Material to process:
'''
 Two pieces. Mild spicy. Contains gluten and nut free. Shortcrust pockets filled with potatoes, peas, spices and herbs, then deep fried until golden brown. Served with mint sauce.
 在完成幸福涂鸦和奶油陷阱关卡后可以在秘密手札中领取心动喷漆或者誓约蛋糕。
'''
'''
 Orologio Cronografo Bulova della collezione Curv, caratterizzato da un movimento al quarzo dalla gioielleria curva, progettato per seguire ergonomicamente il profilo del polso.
'''
What is expected:
Where the listing above has a line with "Two pieces. Mild", start there, and output every line exactly through the line with "在完成幸福涂鸦和奶油陷阱关卡后可以在秘密手札中领取心动喷漆或者誓约蛋糕。", which is also included.

Response below:
 Two pieces. Mild spicy. Contains gluten and nut free. Shortcrust pockets filled with potatoes, peas, spices and herbs, then deep fried until golden brown. Served with mint sauce.
 在完成幸福涂鸦和奶油陷阱关卡后可以在秘密手札中领取心动喷漆或者誓约蛋糕。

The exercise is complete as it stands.